Song: I Saw Mommy Kissing Santa Claus
Artist: Tommie Connor (originally performed by Jimmy Boyd)
Lyrics: Then I saw mommy tickle Santa Claus, underneath his beard so snowy white…
Kid, you’d better get your ass back upstairs before you see mommy and Santa doing anything else. That’s either your dad in a Santa suit, or your mom’s getting a little on the side.
Song: Santa Claus is Comin’ to Town
Artist: JF Coots and Haven Gillespie (performed by many unfortunate musicians)
Lyrics: You’d better watch out, you’d better not cry, better not pout, I’m telling you why…
Santa’s gonna show up real soon, see, and he’s got this big, black belt, see… and he’s been watching you, and he’s gonna mess you up real good, kid. So don’t be a wiseguy…
Song: Jolly Old St.
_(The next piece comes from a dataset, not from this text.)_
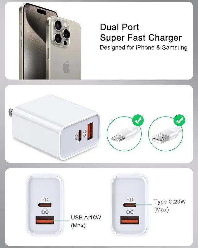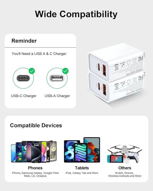Other: OnePlus 12/11 Moto Edge/G Power Galaxy Buds iPads and more. Dual Port Efficiency for Google 10 9 Phones Equipped with a USB-C (Power Delivery) and a USB-A (Quick Charge 3.0 ) port; Eliminates the need for multiple bulky bricks; Ideal for connecting to various charging cables to power up your pixel phone tablet or smartwatch at the same time from a single outlet. Compact & Travel-Friendly Wall Plug Ultra-portable profile with a lightweight design perfect for backpacks purses or travel carry-ons The sleek cube shape fits easily into tight socket spaces without blocking neighboring outlets Global voltage compatibility (100V-240V) makes it the ideal companion for international travel. Smart Safety Protection Cargador de Pared This Google Pixel Power Adapter features built-in over-voltage over-current over-heat and short-circuit protection to ensure safe charging for your Pixel 9a overnight or during heavy use. Certified to protect your Google Pixel battery longevity and prevent device damage. What You Get 2 × 20W Dual Port Google Pixel Power Adapters (USB-C + USB-A); Backed by a LIFETIME worry-free warranty and responsive customer support for your Google Pixel devices or other Android & phones/iPads.

Nicholas
Artist: Under debate, but performed by many different musicians.
Lyrics: As for me, my little brain isn’t very bright; Choose for me, old Santa Claus what you think is right.
Santa didn’t care if you’re rich or poor in his “comin’ to town” song, and in this song, he also doesn’t care if you’re a special needs child – you are also welcome to share in his spirit of giving.
Song: Up on the Housetop
Artist: B.R. Hanby (again, performed by many)
Lyrics: Here is a hammer and lots of tacks, whistle and a ball and a whip that cracks.
On second thought, maybe it isn’t such a good idea to let Santa decide what to get you. Clearly Santa has no children of his own – or he’s sadist.
Song: Back Door Santa
Artist: Clarence Carter
Lyrics: The whole song.
There is no greater gift during the holidays than that of adulterous sex. Am I right?
I don’t know about you, but to me, Santa seems to be a pretty maladjusted dude – not only does he threaten the crap outta you if you’re naughty, he also won’t give you gifts if you’re poor (but he’ll give dangerous gifts to the good kids instead). He doesn’t think that special ed kids can decide what they want, he inspires grown women to misbehave (or just barely behave for expensive things) and his reindeer killed your grandmom.
I’m just thinking that Jesus didn’t do any of that stuff.